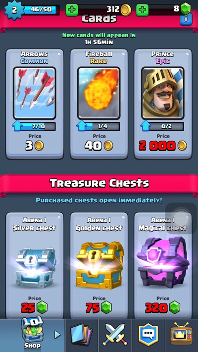 关键在于店铺,店铺用于给予玩家所需的卡牌,能用金币选购卡片,在其中卡片主要包括普卡、稀有卡和传说卡三种类型,初次选购的金币耗费分别是3、40和2000金币,可是重复购买同一种卡耗费将提升,24小时之后更新到原始价钱。
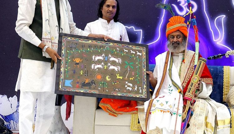 3 दिवसीय इंदौर दौरे पर आए श्री श्री रविशंकर महाराज जी को भेंट की आदिवासी सभ्यता की परंपरागत प्रतीकात्मक पिथौरा चित्रकला
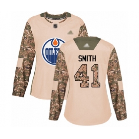 Women's Edmonton Oilers #41 Mike Smith Authentic Camo Veterans Day Practice Hockey Jersey
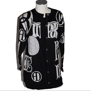 Beautiful and warm cardigan sweater from Jaeger. Wool material. Color black with white and silver pattern / accents. Size small.
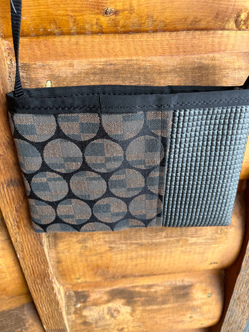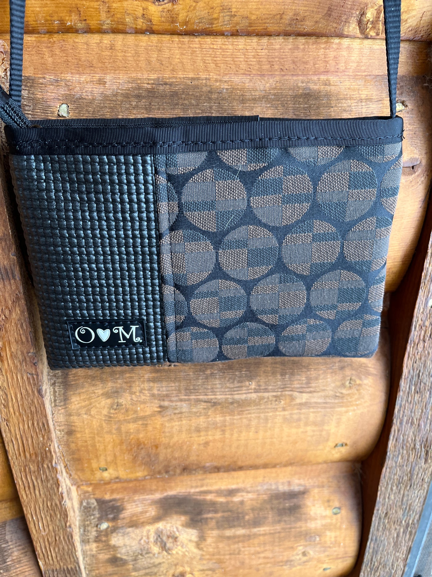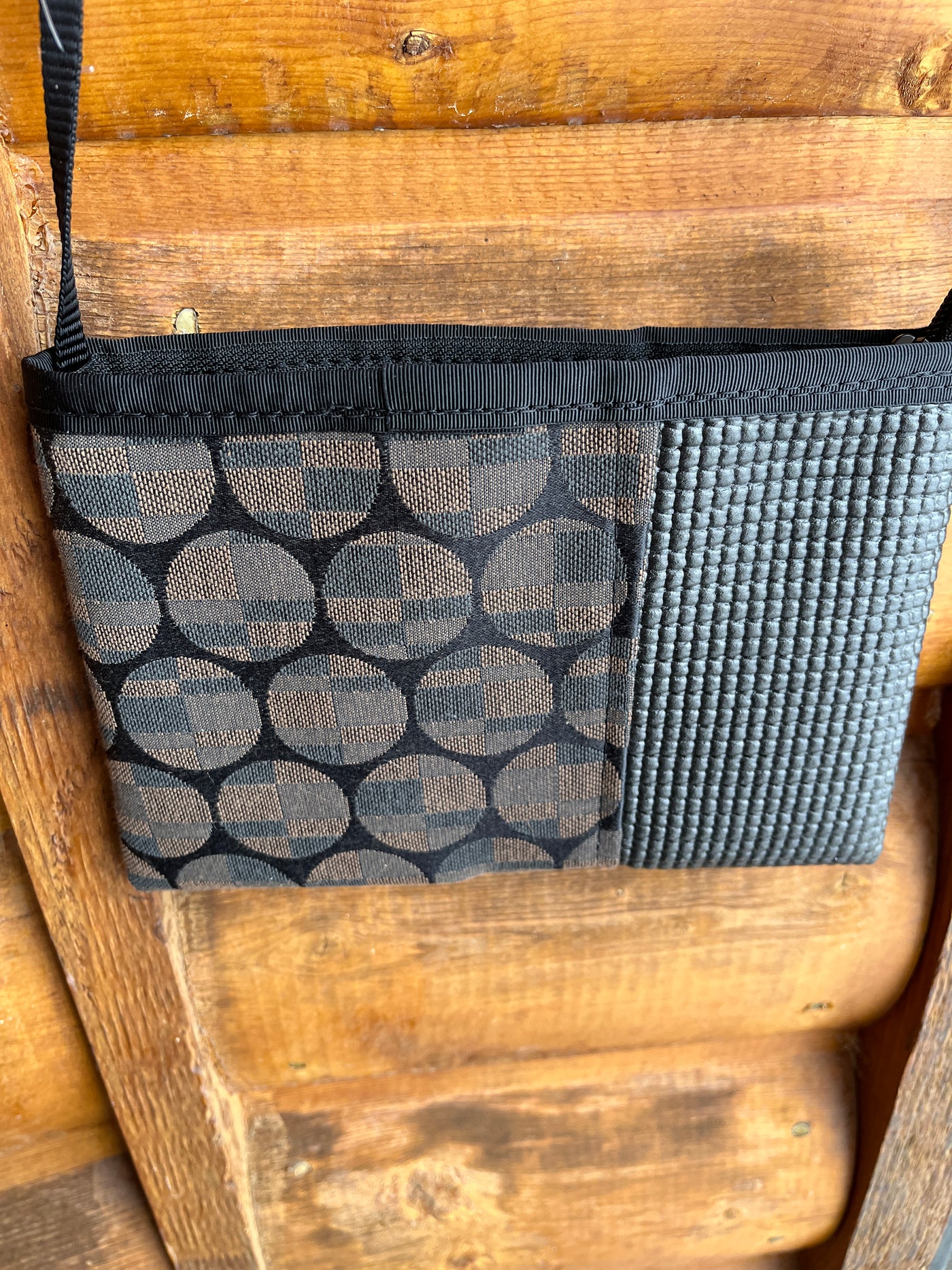 Dive into sustainable style with the GoGo a fun new style with a beautiful home decor print fabric. A compact and colorful bag crafted from upcycled black yoga mat. It's 8"x6" in size makes it perfect for everyday use or travel.
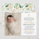 Esta elegante invitación de bautizo o presentación para niña presenta una foto personalizable del bebé junto a un texto elegante en verde, dorado y negro suave acentuado con una cruz dorada. Todo el texto se puede personalizar completamente para su evento. Un hermoso patrón floral coordinado de flores de rosa blancas, crema y rubor con follaje verde y dorado adorna la parte posterior de la tarjeta.
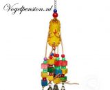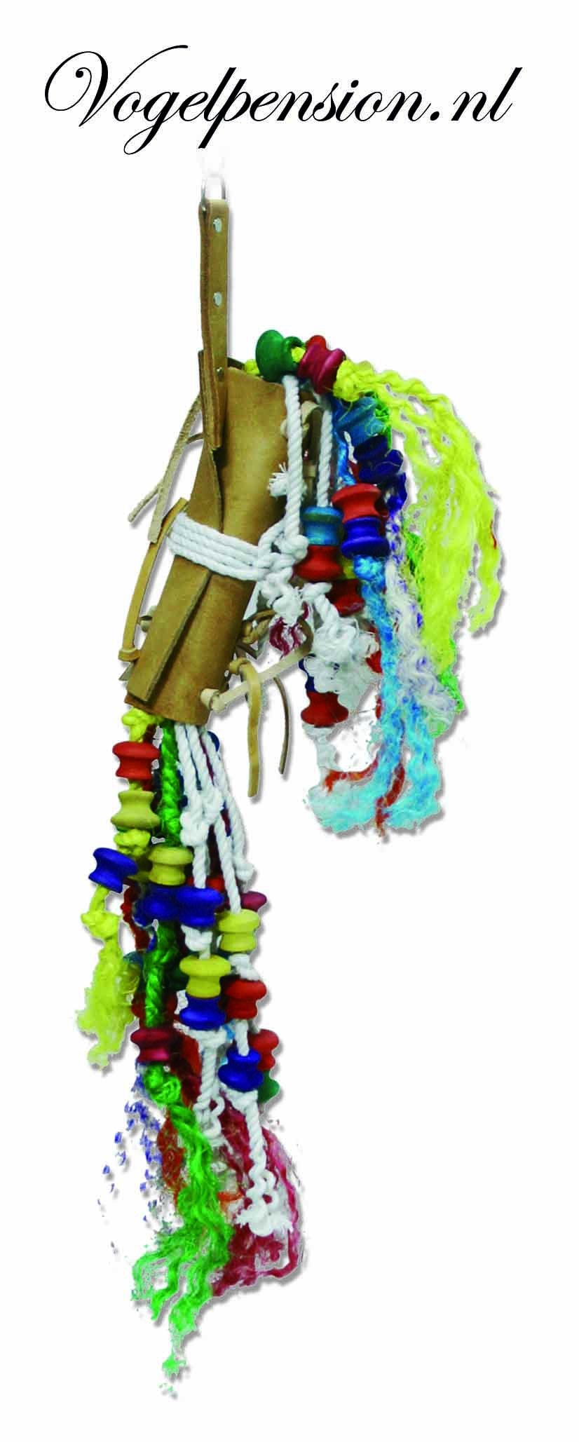Reusachtig lederen speelgoed met veel sisal, katoen en lederen stukken. Daarnaast natuurlijk vele houten onderdelen voor een gevleugelde vriend(en).
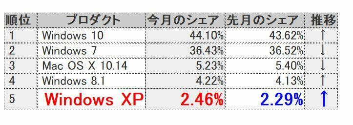 WindowsXP のシェアは2.46%と数字こそ低いものの、MacOS High Sierra(10.13)の2.00%を上回り、第五位にあります。
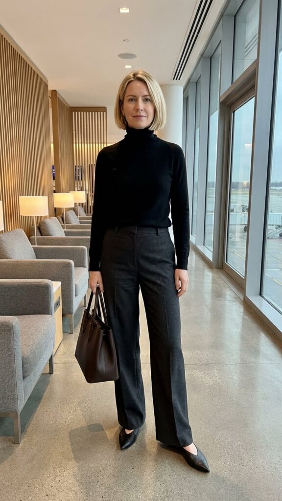 Is there anything chicer than a black turtleneck? I don’t think so. Tuck it into black wide-leg trousers, and suddenly you’re giving off major Parisian traveler vibes. This look is sleek, elongating, and surprisingly comfortable if you choose trousers with a bit of stretch.
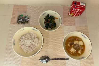 「五目どうふ」には、豆腐の他にも豚肉、たまねぎ、にんじん、干しいたけなど、たくさんの具が入っています。ほどよくしょうがが効いており、たっぷりの豆腐といっしょにおいしくいただきました。「ほうれん草のいためもの」は、ごはんによく合う献立です。ほうれん草やにんじんのあま味を味わって、おいしくいただきました。
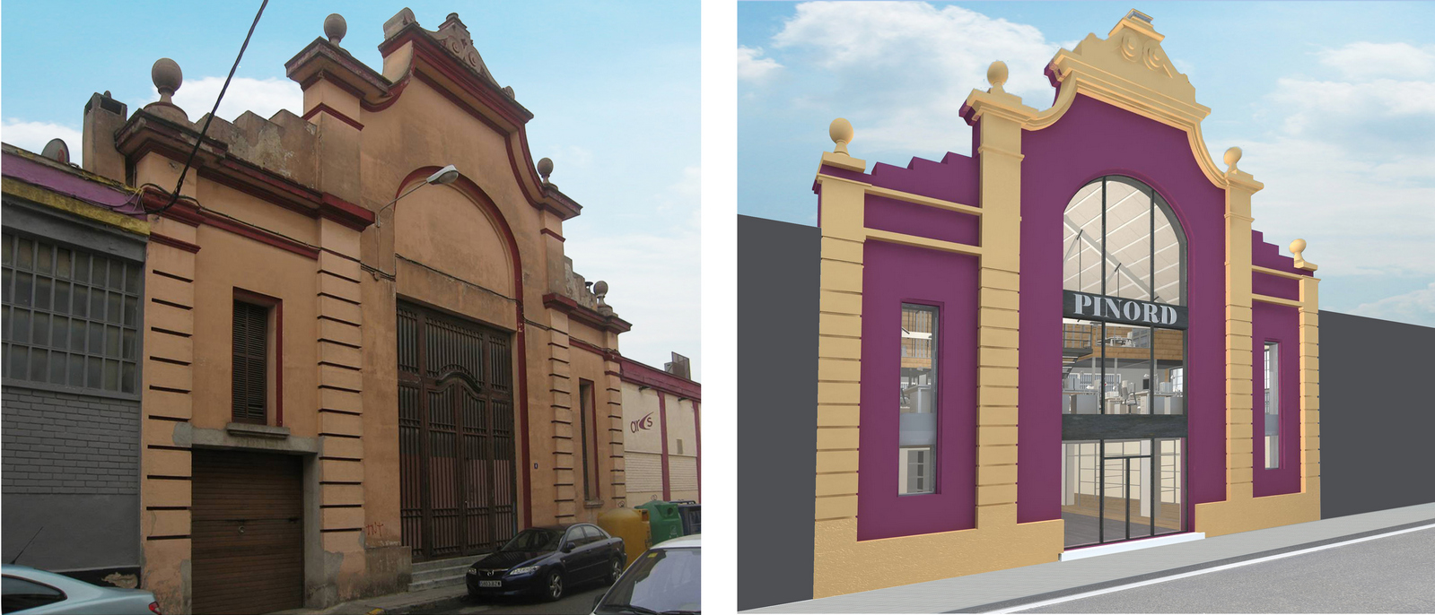 - La façana original i la nova façana Pinord
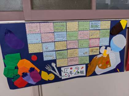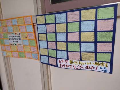 「毎日おいしい給食をありがとうございます。一度も残したことがありません。」や「私はちらしずしやまぐろのオーロラ煮が大好きです。また出るのが楽しみです。」「ラッキーにんじんがかわいくて大好きです!」など、思い思いの文章をていねいに綴っています。6年生は「6年間ありがとうございます。」の言葉も。中には切り紙のところに秘密の暗号を入れた、アイデアたっぷりのクラスもありました!校内のあちこちに掲示していますので、ぜひご覧ください。
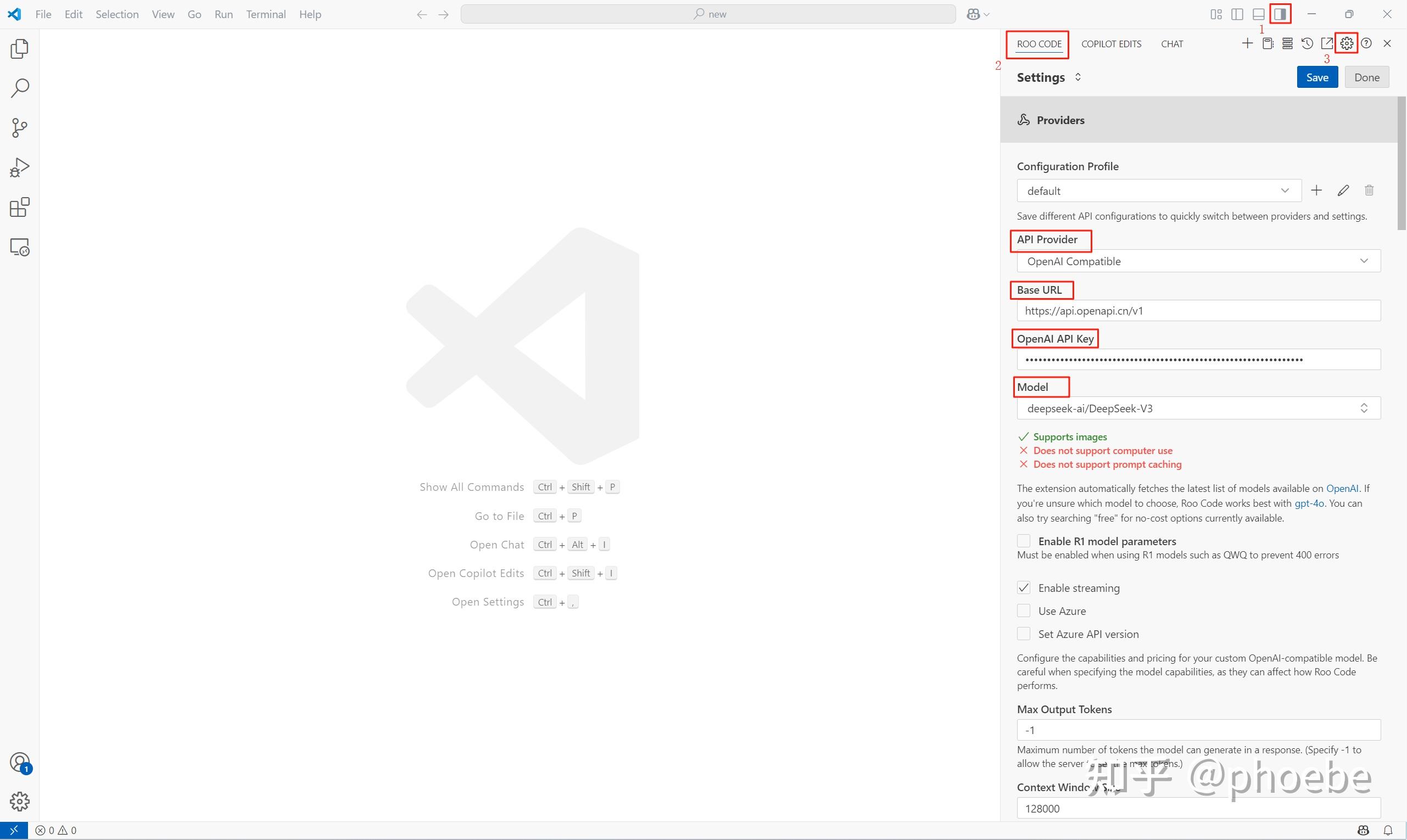 安装完成后,重启VS Code,按照截图中的1、2、3步骤点击按钮进入CLine的配置界面,CLine支持各种主流模型,大家可以选择 通义千问、深度求索、布尔算力 等任意平台,示例中选择了 布尔算力 平台,该平台免费赠送 2000W Tokens免费算力,可以快速体验CLine带来的AI辅助编程体验,API Provider选择 OpenAI Compatible,Base URL填写对应的 API地址,OpenAI API Key填写对应平台的 API Key,Model优先选择 deepseek/DeepSeek-V3,想要选择 deepseek/DeepSeek-R1也是可以的。
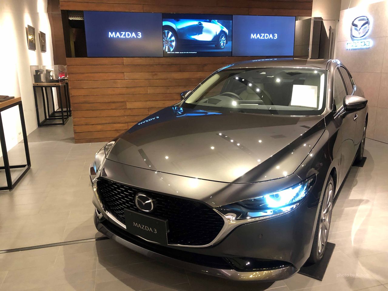 展示されている車両は「MAZDA3 FASTBACK(ソウルレッドクリスタル)」と「MAZDA3 SEDAN(マシーングレー)」の2種類です。
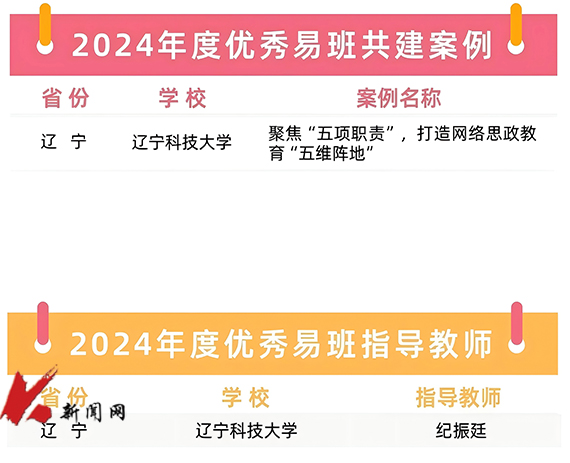 近日,教育部易班发展中心公布2024年度全国易班共建优秀名单。乐竞·体育(中国)官方网站网络思政工作案例“聚焦‘五项职责’,打造网络思政教育‘五维阵地’”荣获“2024年度优秀易班共建案例”(全国92个,辽宁省3个),纪振廷荣获“2024年度优秀易班指导教师”(全国92人,辽宁省7人)。

◇ ◇ ◇

Give the records above again in full and exactly, but exclude every picture.

 关键在于店铺,店铺用于给予玩家所需的卡牌,能用金币选购卡片,在其中卡片主要包括普卡、稀有卡和传说卡三种类型,初次选购的金币耗费分别是3、40和2000金币,可是重复购买同一种卡耗费将提升,24小时之后更新到原始价钱。
 3 दिवसीय इंदौर दौरे पर आए श्री श्री रविशंकर महाराज जी को भेंट की आदिवासी सभ्यता की परंपरागत प्रतीकात्मक पिथौरा चित्रकला
 Women's Edmonton Oilers #41 Mike Smith Authentic Camo Veterans Day Practice Hockey Jersey
 Beautiful and warm cardigan sweater from Jaeger. Wool material. Color black with white and silver pattern / accents. Size small.
 Dive into sustainable style with the GoGo a fun new style with a beautiful home decor print fabric. A compact and colorful bag crafted from upcycled black yoga mat. It's 8"x6" in size makes it perfect for everyday use or travel.
 Esta elegante invitación de bautizo o presentación para niña presenta una foto personalizable del bebé junto a un texto elegante en verde, dorado y negro suave acentuado con una cruz dorada. Todo el texto se puede personalizar completamente para su evento. Un hermoso patrón floral coordinado de flores de rosa blancas, crema y rubor con follaje verde y dorado adorna la parte posterior de la tarjeta.
Reusachtig lederen speelgoed met veel sisal, katoen en lederen stukken. Daarnaast natuurlijk vele houten onderdelen voor een gevleugelde vriend(en).
 WindowsXP のシェアは2.46%と数字こそ低いものの、MacOS High Sierra(10.13)の2.00%を上回り、第五位にあります。
 Is there anything chicer than a black turtleneck? I don’t think so. Tuck it into black wide-leg trousers, and suddenly you’re giving off major Parisian traveler vibes. This look is sleek, elongating, and surprisingly comfortable if you choose trousers with a bit of stretch.
 「五目どうふ」には、豆腐の他にも豚肉、たまねぎ、にんじん、干しいたけなど、たくさんの具が入っています。ほどよくしょうがが効いており、たっぷりの豆腐といっしょにおいしくいただきました。「ほうれん草のいためもの」は、ごはんによく合う献立です。ほうれん草やにんじんのあま味を味わって、おいしくいただきました。
 - La façana original i la nova façana Pinord
 「毎日おいしい給食をありがとうございます。一度も残したことがありません。」や「私はちらしずしやまぐろのオーロラ煮が大好きです。また出るのが楽しみです。」「ラッキーにんじんがかわいくて大好きです!」など、思い思いの文章をていねいに綴っています。6年生は「6年間ありがとうございます。」の言葉も。中には切り紙のところに秘密の暗号を入れた、アイデアたっぷりのクラスもありました!校内のあちこちに掲示していますので、ぜひご覧ください。
 安装完成后,重启VS Code,按照截图中的1、2、3步骤点击按钮进入CLine的配置界面,CLine支持各种主流模型,大家可以选择 通义千问、深度求索、布尔算力 等任意平台,示例中选择了 布尔算力 平台,该平台免费赠送 2000W Tokens免费算力,可以快速体验CLine带来的AI辅助编程体验,API Provider选择 OpenAI Compatible,Base URL填写对应的 API地址,OpenAI API Key填写对应平台的 API Key,Model优先选择 deepseek/DeepSeek-V3,想要选择 deepseek/DeepSeek-R1也是可以的。
 展示されている車両は「MAZDA3 FASTBACK(ソウルレッドクリスタル)」と「MAZDA3 SEDAN(マシーングレー)」の2種類です。
 近日,教育部易班发展中心公布2024年度全国易班共建优秀名单。乐竞·体育(中国)官方网站网络思政工作案例“聚焦‘五项职责’,打造网络思政教育‘五维阵地’”荣获“2024年度优秀易班共建案例”(全国92个,辽宁省3个),纪振廷荣获“2024年度优秀易班指导教师”(全国92人,辽宁省7人)。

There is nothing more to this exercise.